Inputs: RGB images, depth maps, camera calibration parameters, task description

The Perception Agent performs four steps:

  1. Scene understanding: Uses a VLM to write a natural-language description of the scene — "there is a white plate on the left, an orange carrot near center, gripper positioned upper-right"
  2. Object detection: Uses Florence-v2 (Microsoft) to detect individual objects with bounding boxes. Trick: prepend "every" to queries ("every carrot", "every cube") to reduce missed detections when multiple instances exist
  3. 2D → 3D projection: Combines depth map + camera calibration matrix to convert pixel coordinates (u, v) into real-world 3D coordinates (x, y, z) in meters
  4. Grasp pose generation: Computes the approach angle and position for the gripper to safely grasp each detected object

Output sent to the Reasoning Agent — plain text:

Red cube: position=[0.23, -0.15, 0.82], grasp_pose=[0.0, 0.0, 0.0, 1.0]
Blue plate: position=[0.18, 0.22, 0.78], flat_surface=True

Reasoning Agent — The Strategic Brain

Inputs: Scene description, task instruction, history of completed sub-tasks

The Reasoning Agent works entirely in natural language — no numbers, no coordinates.

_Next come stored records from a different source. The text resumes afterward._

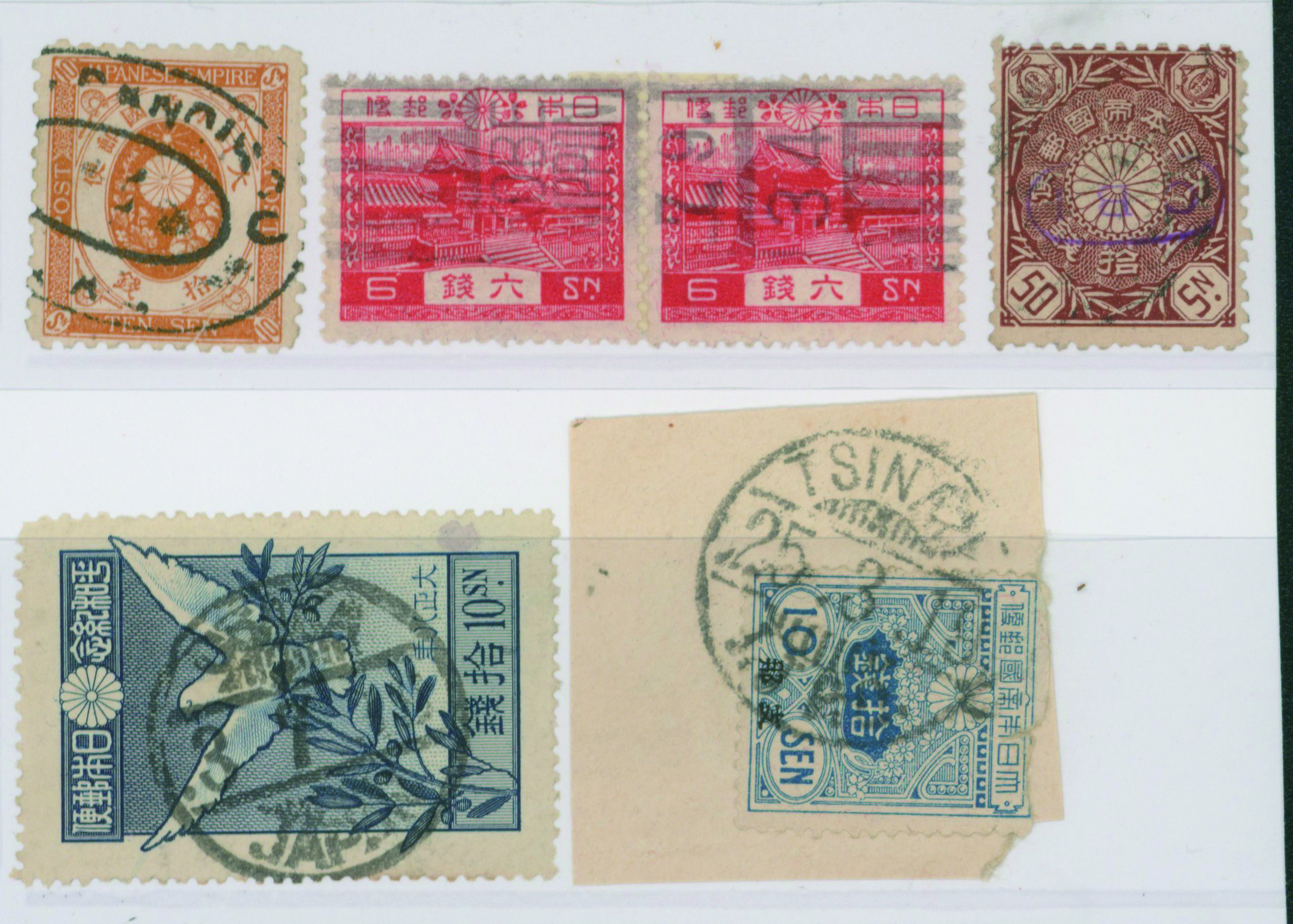 商品説明:[40625]外信欧文印消しセレクション 新小判10銭, 平和10銭 など 済 切手7枚 新小判10銭
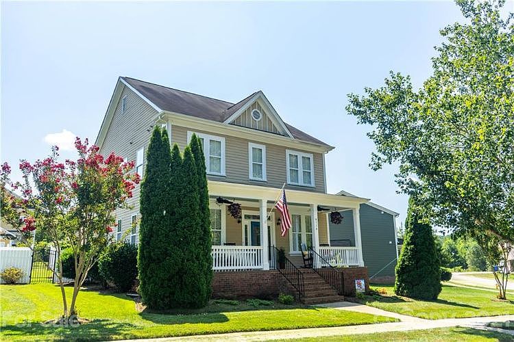 Come relax on your covered porch and enjoy the serene privacy over looking the manicured landscaping and paver pathways with in the fenced yard. This Saucey Burbank Custom built 4 3.5 home boasts loads of upgrades including 10' ceilings, gleaming hardwood flooring, ceramic tile, two piece moldings, tray ceilings, hardy plank siding, extensive landscaping with brick and vinyl fencing and brick paver walk ways to name a few! The main level features a formal dining room, private office, laundry room, Spacious kitchen with tons of cabinets w breakfast bar, dining area, great room with fireplace and powder room. The back door leaded to a second covered porch and walk way to the double garage. The second level features a master suite including garden tub, separate shower, dual vanities and walk in closet. The second and third bedrooms share a jack n jil bath with the fourth bedroom located near the third full bath. This home has been meticulously maintained and ready for new owners!
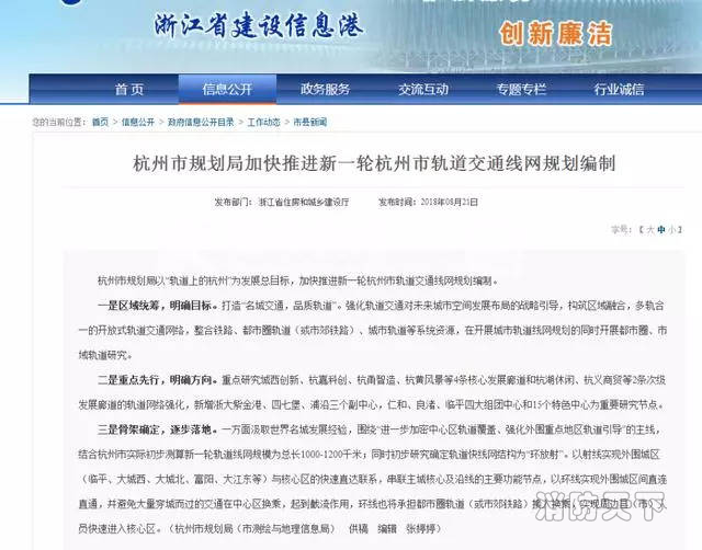 2018年8月21日,浙江省住房和城鄉建設廳官網上發布了一則和杭州軌道交通有關的信息——杭州市以“軌道上的杭州”為發展總目標,杭州市規劃局正在加快推進新一輪杭州市軌道交通線網規劃編制。

Its responsibilities:

  1. Evaluate current state: what has been accomplished, what remains, did the last sub-task succeed?
  2. Decompose the overall task into the next concrete sub-task
  3. Send detection requests back to Perception Agent: "next cycle, focus on detecting [target objects]"
  4. Use history to avoid repeating failed sub-tasks — preventing infinite loops when the robot gets stuck

Example reasoning chain:

Task: "Place carrot on plate"
State: "Carrot at (0.3, -0.1, 0.85). Plate at (0.1, 0.2, 0.80)."
History: []

Plan:
  Step 1: Pick up carrot → approach carrot at (0.3, -0.1, 0.85)
  Step 2: Move above plate → target plate center (0.1, 0.2, 0.80)
  Step 3: Release carrot → verify success

Current: Execute Step 1

Action-Execution Agent — The Hands

Inputs: Sub-task description, 3D coordinates, grasp poses

This agent converts a concrete sub-task into actual robot trajectories:

  1. Maps target 3D coordinates to Cartesian keypoints — a sequence of end-effector waypoints
  2. Checks the action cache — stores one trajectory template per skill type. If a similar action was cached, reuse it rather than regenerating
  3. On cache miss → uses the LLM to generate an action sequence from scratch

The action cache is an underappreciated detail. Reusing templates dramatically reduces latency and ensures consistent execution — the same "pick" skill always looks the same, reducing gripper variance.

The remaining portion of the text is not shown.